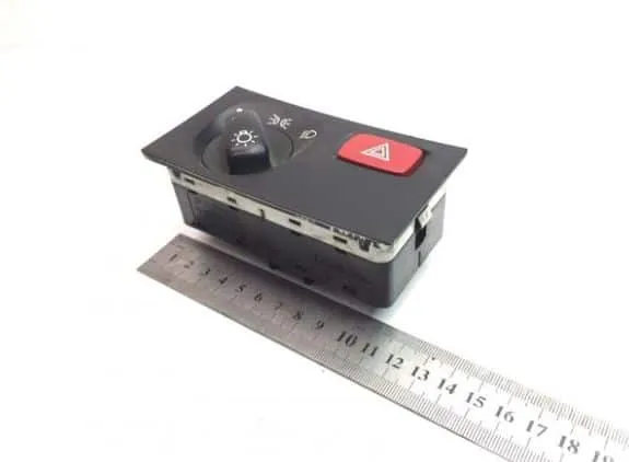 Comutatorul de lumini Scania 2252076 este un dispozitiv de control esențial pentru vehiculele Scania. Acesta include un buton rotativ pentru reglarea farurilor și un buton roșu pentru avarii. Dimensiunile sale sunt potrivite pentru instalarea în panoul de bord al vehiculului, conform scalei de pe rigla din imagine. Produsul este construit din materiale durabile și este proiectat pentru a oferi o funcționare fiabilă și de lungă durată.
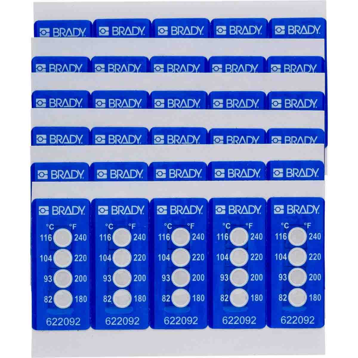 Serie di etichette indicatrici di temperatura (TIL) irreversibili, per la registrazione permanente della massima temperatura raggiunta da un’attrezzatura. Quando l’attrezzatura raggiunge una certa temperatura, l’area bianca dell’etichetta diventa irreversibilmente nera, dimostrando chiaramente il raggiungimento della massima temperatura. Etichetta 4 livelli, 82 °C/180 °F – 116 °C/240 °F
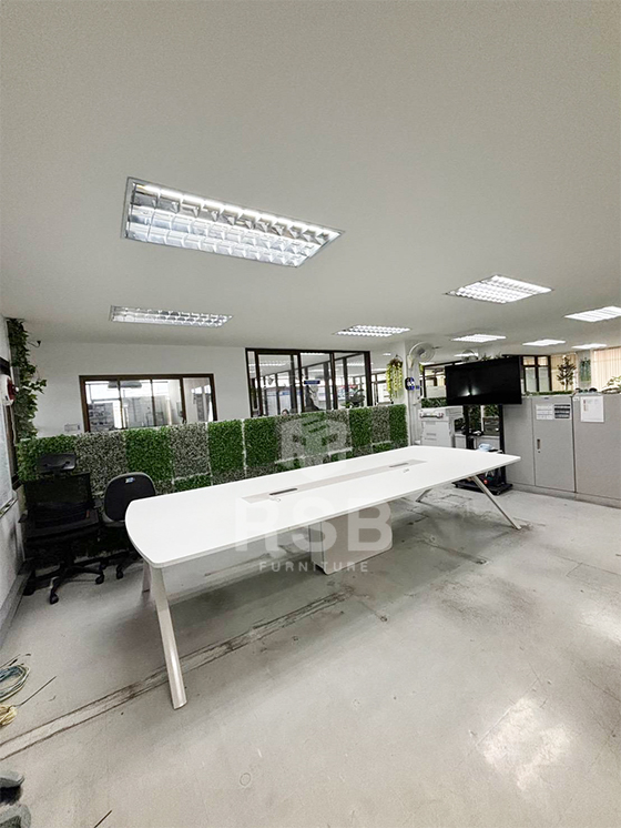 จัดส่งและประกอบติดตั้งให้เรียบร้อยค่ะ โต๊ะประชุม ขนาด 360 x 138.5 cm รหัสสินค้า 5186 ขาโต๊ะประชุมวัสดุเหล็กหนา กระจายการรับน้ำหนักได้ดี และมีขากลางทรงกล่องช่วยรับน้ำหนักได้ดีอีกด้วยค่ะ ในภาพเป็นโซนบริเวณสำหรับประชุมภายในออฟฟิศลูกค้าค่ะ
┄┄┄┄┄┄┄┄┄┄┄┄┄┄┄┄┄┄┄┄
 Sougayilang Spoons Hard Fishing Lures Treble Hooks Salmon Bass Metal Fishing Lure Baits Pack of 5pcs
┄┄┄┄┄┄┄┄┄┄┄┄┄┄┄┄┄┄┄┄
*Exercise instructions*
Give again the lines of the listing above that run from the one with "Serie di etichette" up to and including the one with "จัดส่งและประกอบติดตั้งให้เรียบร้อยค่ะ โต๊ะประชุม ขนาด". Keep them exact and omit the pictures.

*Solution to the problem*
 Serie di etichette indicatrici di temperatura (TIL) irreversibili, per la registrazione permanente della massima temperatura raggiunta da un’attrezzatura. Quando l’attrezzatura raggiunge una certa temperatura, l’area bianca dell’etichetta diventa irreversibilmente nera, dimostrando chiaramente il raggiungimento della massima temperatura. Etichetta 4 livelli, 82 °C/180 °F – 116 °C/240 °F
 จัดส่งและประกอบติดตั้งให้เรียบร้อยค่ะ โต๊ะประชุม ขนาด 360 x 138.5 cm รหัสสินค้า 5186 ขาโต๊ะประชุมวัสดุเหล็กหนา กระจายการรับน้ำหนักได้ดี และมีขากลางทรงกล่องช่วยรับน้ำหนักได้ดีอีกด้วยค่ะ ในภาพเป็นโซนบริเวณสำหรับประชุมภายในออฟฟิศลูกค้าค่ะ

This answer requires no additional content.